_What to do_
Leave the pictures aside. Retype exactly the lines from the top of the data below through the one holding "- Easy to Connect: Connect".

_Information provided_
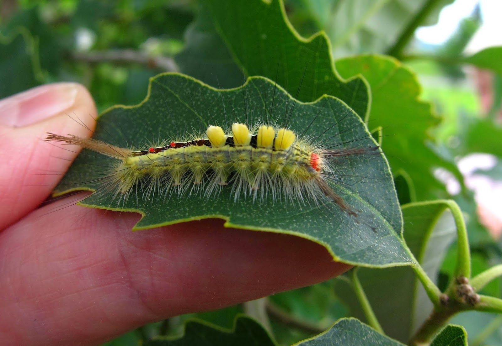 White-marked Tussock Moth caterpillar (Orgyia leucostigma).  Another one with venomous hairs.  But wow, what a beauty, especially arrayed on a yellow-edged oak leaf that serves as a foil for its brilliant colors.
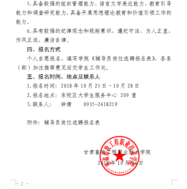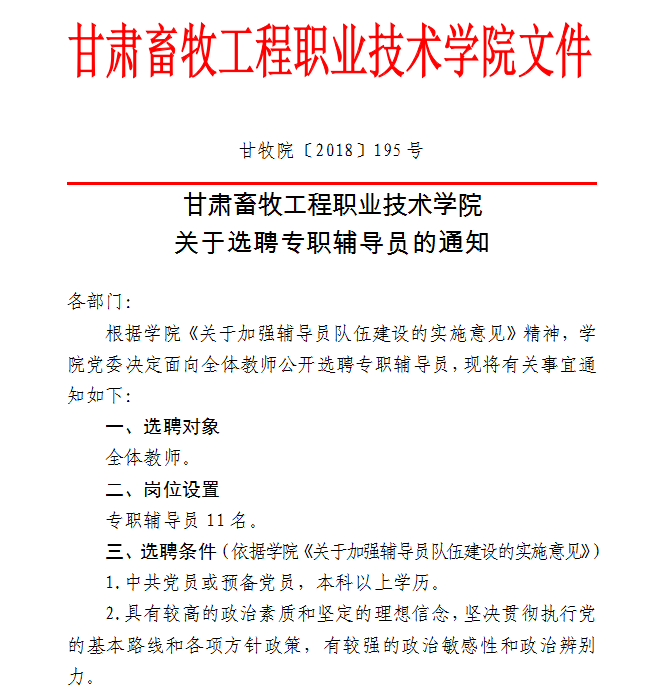 甘肃畜牧工程职业技术学院关于选聘专职辅导员的通知
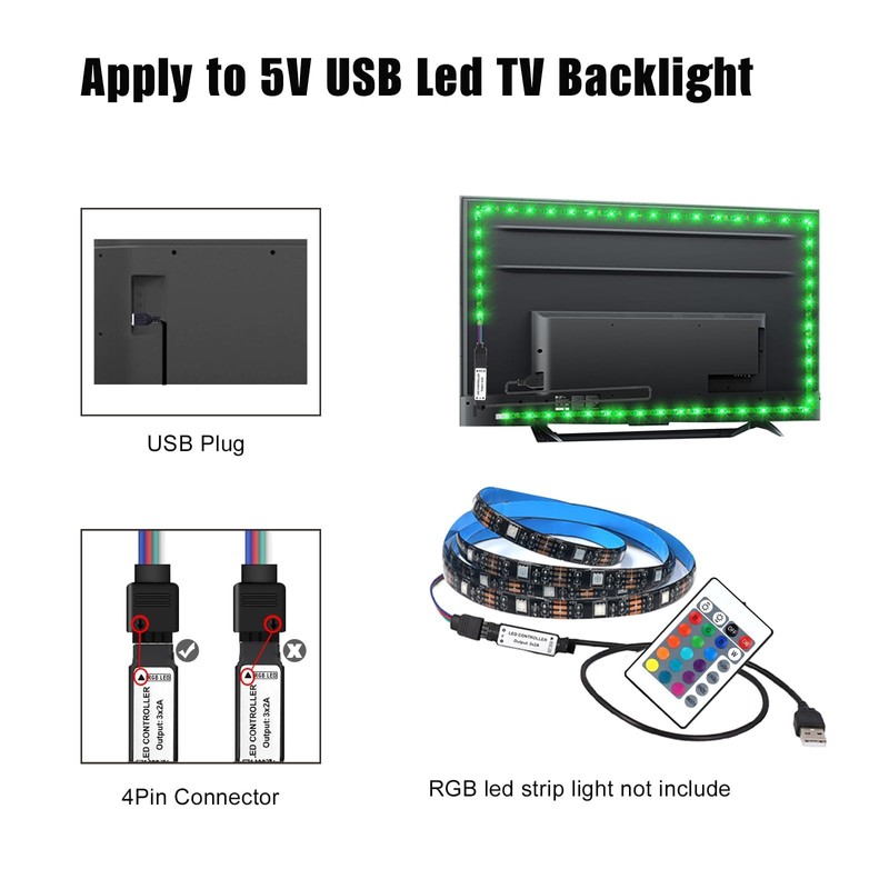 - Easy to Connect: Connect the light strip with the 4-pin plug on one end and plug the other end into 5v USB port to power it
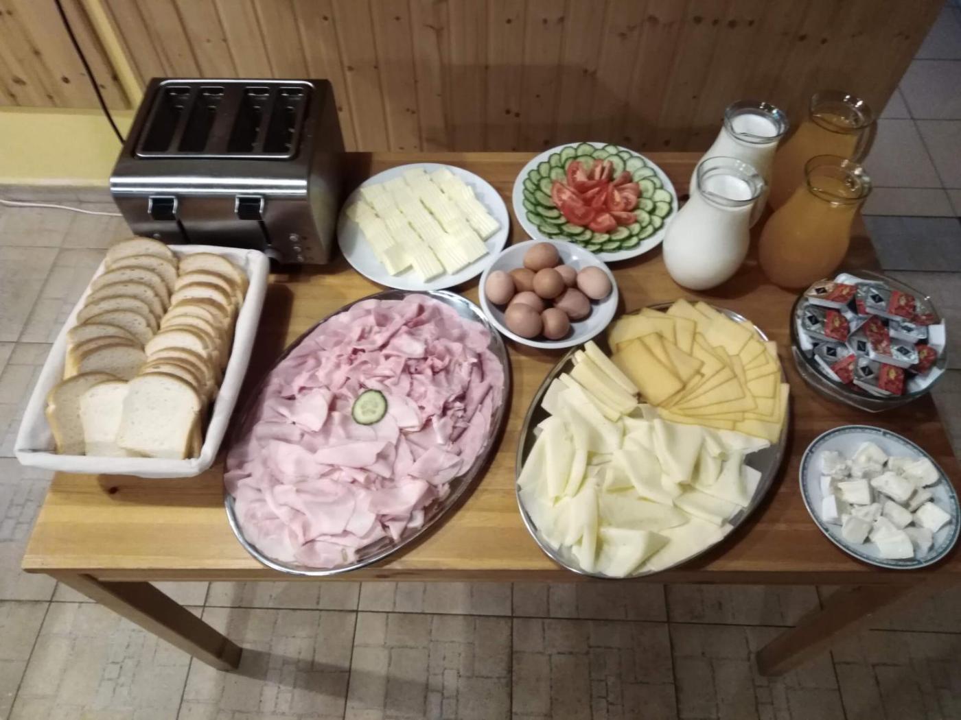 A selection of options including fresh pastries, juice and cheese is available for the buffet breakfast.
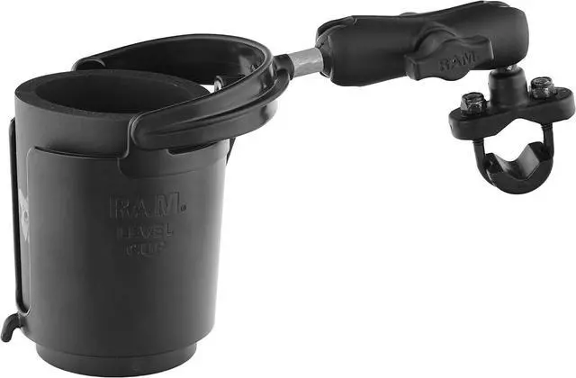 Self-leveling feature avoids spills and is perfect for motorcycles, ATVs, boats, and more; includes drink koozie
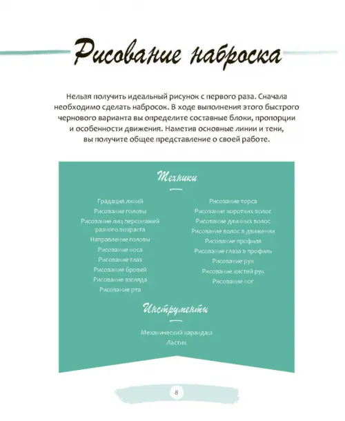 Примеры, разобранные в этой книге, помогают достичь двух важных целей: получить удовольствие от рисования и одновременно приобрести прочную базу. С каждым уроком вы будете изучать новые техники. Постепенно развивая свои навыки, вы почувствуете уверенность в себе и в итоге сможете рисовать как настоящий сёнэн-мангака!

_Response box_
 White-marked Tussock Moth caterpillar (Orgyia leucostigma).  Another one with venomous hairs.  But wow, what a beauty, especially arrayed on a yellow-edged oak leaf that serves as a foil for its brilliant colors.
 甘肃畜牧工程职业技术学院关于选聘专职辅导员的通知
 - Easy to Connect: Connect the light strip with the 4-pin plug on one end and plug the other end into 5v USB port to power it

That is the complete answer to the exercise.